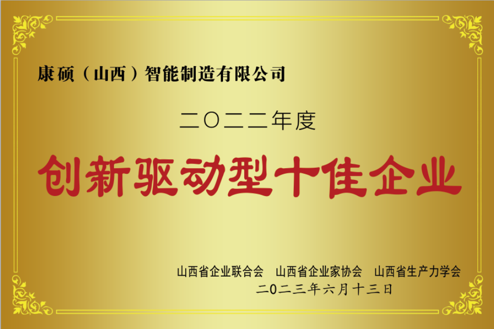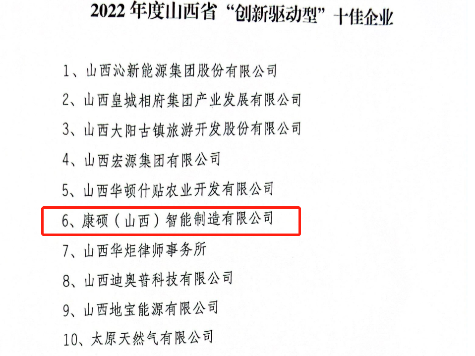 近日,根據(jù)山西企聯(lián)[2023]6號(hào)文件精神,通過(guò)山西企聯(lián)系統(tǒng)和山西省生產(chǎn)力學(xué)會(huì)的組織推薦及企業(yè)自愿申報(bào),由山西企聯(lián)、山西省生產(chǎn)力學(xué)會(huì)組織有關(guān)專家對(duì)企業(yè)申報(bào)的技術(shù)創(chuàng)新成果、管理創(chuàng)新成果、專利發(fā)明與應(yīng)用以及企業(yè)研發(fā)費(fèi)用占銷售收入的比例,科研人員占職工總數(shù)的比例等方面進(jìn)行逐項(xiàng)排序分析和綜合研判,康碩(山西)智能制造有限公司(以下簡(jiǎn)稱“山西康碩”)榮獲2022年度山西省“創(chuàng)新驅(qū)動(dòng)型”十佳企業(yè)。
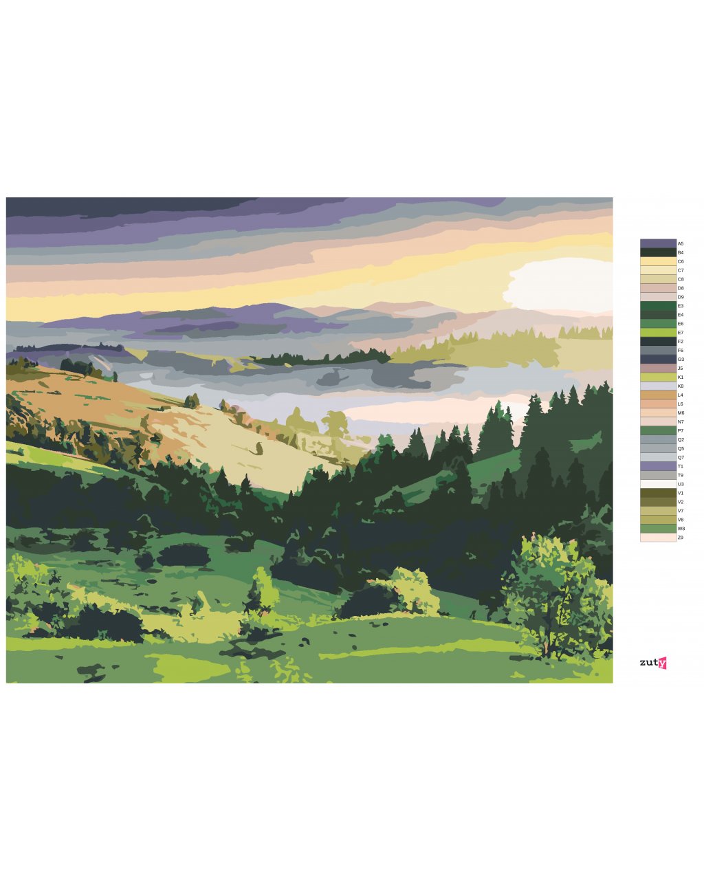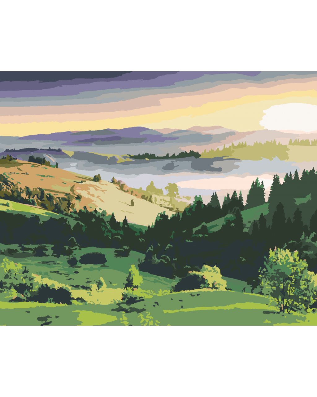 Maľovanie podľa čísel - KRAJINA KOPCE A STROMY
* * *
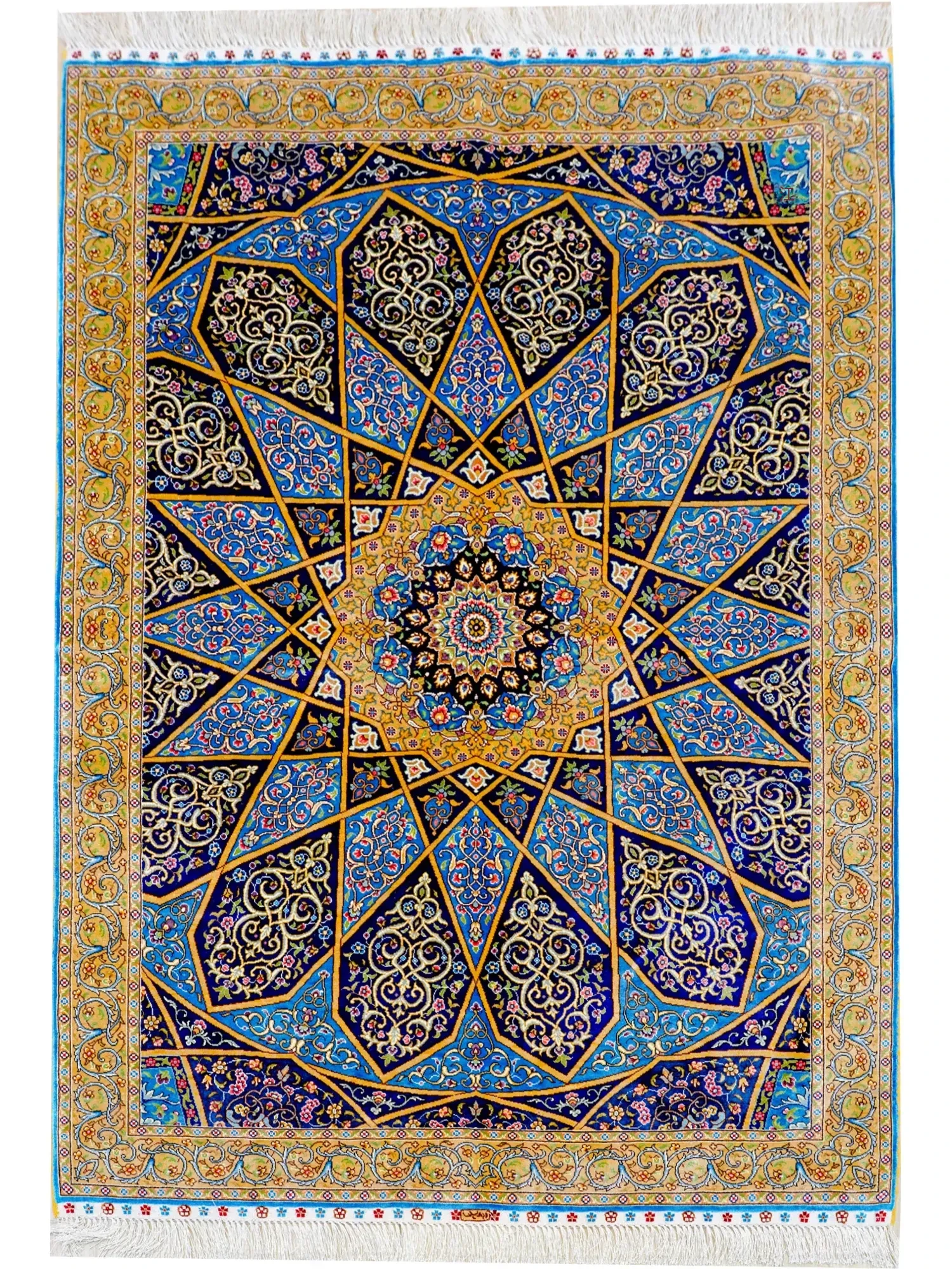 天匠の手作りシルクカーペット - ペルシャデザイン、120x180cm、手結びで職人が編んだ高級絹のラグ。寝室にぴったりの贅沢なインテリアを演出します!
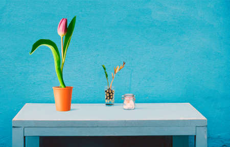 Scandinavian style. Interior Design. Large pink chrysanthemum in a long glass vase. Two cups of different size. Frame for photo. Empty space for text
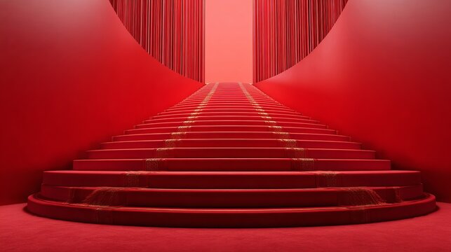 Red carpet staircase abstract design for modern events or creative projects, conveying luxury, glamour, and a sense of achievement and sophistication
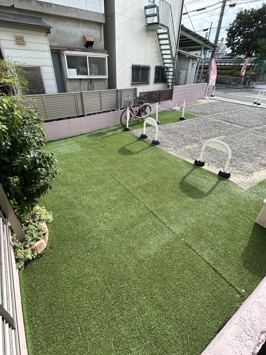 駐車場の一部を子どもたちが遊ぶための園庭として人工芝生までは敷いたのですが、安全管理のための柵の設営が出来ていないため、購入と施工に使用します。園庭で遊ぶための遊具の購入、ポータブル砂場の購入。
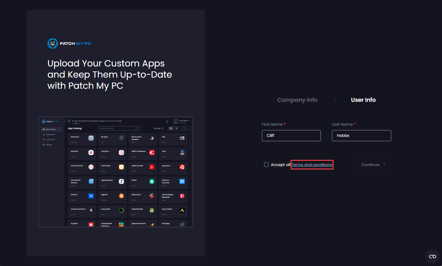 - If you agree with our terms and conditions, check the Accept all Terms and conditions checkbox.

Work required: Only one part of the material above is wanted: the lines from the one with "Scandinavian style. Interior" up to and including the one with "- If you agree". Please copy them exactly, pictures left out.

Reply to the exercise:
 Scandinavian style. Interior Design. Large pink chrysanthemum in a long glass vase. Two cups of different size. Frame for photo. Empty space for text
 Red carpet staircase abstract design for modern events or creative projects, conveying luxury, glamour, and a sense of achievement and sophistication
 駐車場の一部を子どもたちが遊ぶための園庭として人工芝生までは敷いたのですが、安全管理のための柵の設営が出来ていないため、購入と施工に使用します。園庭で遊ぶための遊具の購入、ポータブル砂場の購入。
 - If you agree with our terms and conditions, check the Accept all Terms and conditions checkbox.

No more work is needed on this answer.